NextImg:Supreme Court Rules Virginia Can Continue to Purge Voter Rolls of Ineligible Voters - The Last Refuge

The U.S. Supreme Court ruled today allowed Virginia to continue its purge of more than 1,600 ineligible voters from the state’s voter rolls. [pdf ruling here]

The stay was issued 6 to 3, along ideological lines, with leftist Justices Elena Kagan, Sonia Sotomayor and Ketanji Brown Jackson dissenting with the opinion that illegal aliens and ineligible voters should be permitted to cast ballots.

[Source]

BACKGROUND – On August 7th, Virginia’s Governor Glenn Youngkin signed an executive order expediting the removal of noncitizens from the state’s voter rolls. The state maintained that the program followed only removed those who were ineligible to vote due to lack of citizenship.  These were self-declared ineligible voters.

Earlier this month the Justice Department and advocacy groups intervened, suing the state.  They contended that Virginia had purged some eligible voters and that it did so in violation of a federal law that bars removals from voting rolls in the 90 days prior to an election.

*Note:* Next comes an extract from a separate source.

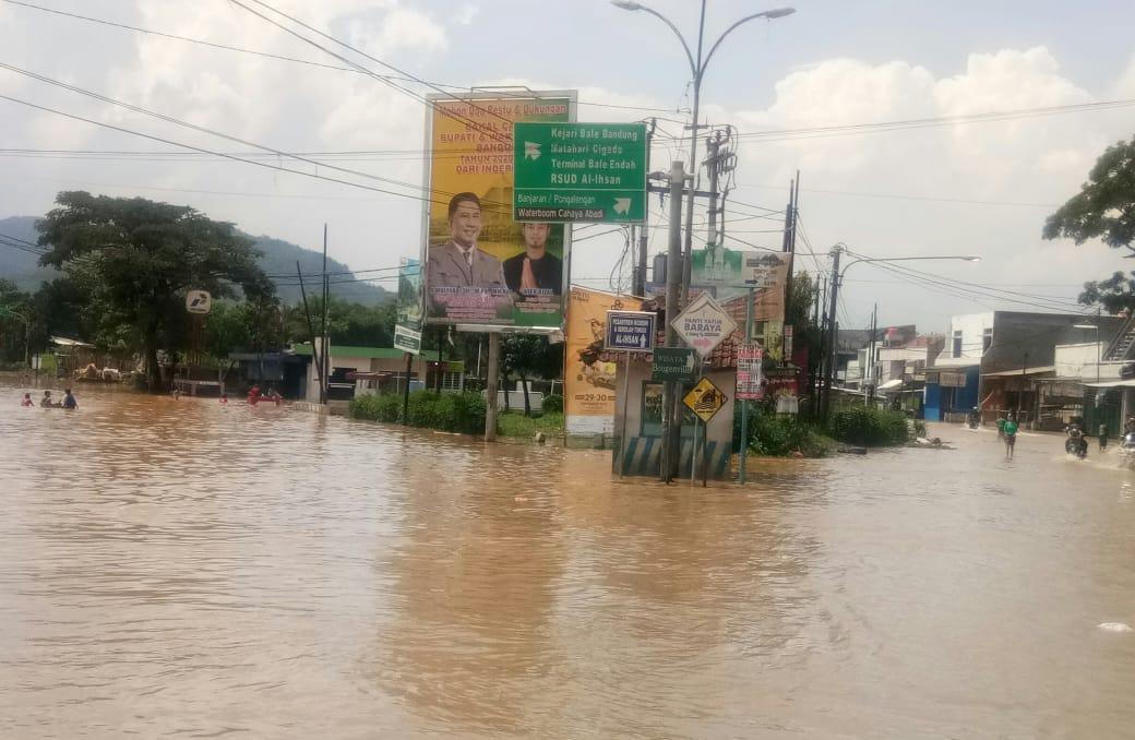 Bandung, Wartanusa.id – Pada hari rabu tanggal 18 Desember 2019 telah dilaksanakan pemantauan situasi banjir di jalan raya Banjaran menuju Dayeuh kolot diperkirakan ketinggian air sekitar 70.cm dan sementara masih dilakukan pengalihan ke jalur bojong soang, Akibat banjir tersebut beberapa wilayah yang masih belum bisa di lalui oleh pemakai kendaraan yaitu :

[…] A federal district court agreed, ordering Virginia to restore the approximately 1,600 voter registrations that were cancelled. The 4th Circuit Court of Appeals upheld that order. Virginia then appealed to the Supreme Court, asking the justices to allow the state to strike the voters purged in the 90 days prior to the election.

The state contended that the lower courts “misinterpreted the NVRA.” They argued that the “quiet period” cannot apply to noncitizens, since they are already ineligible to vote. Even if the “quiet period” did apply here, the state argued, the program was sufficiently individualized, not systematic.

On Wednesday, the Supreme Court sided with Virginia, leaving the purged voters off the rolls and allowing the purge to continue.

In a statement, Youngkin called the order “a victory for commonsense and election fairness.”  (link)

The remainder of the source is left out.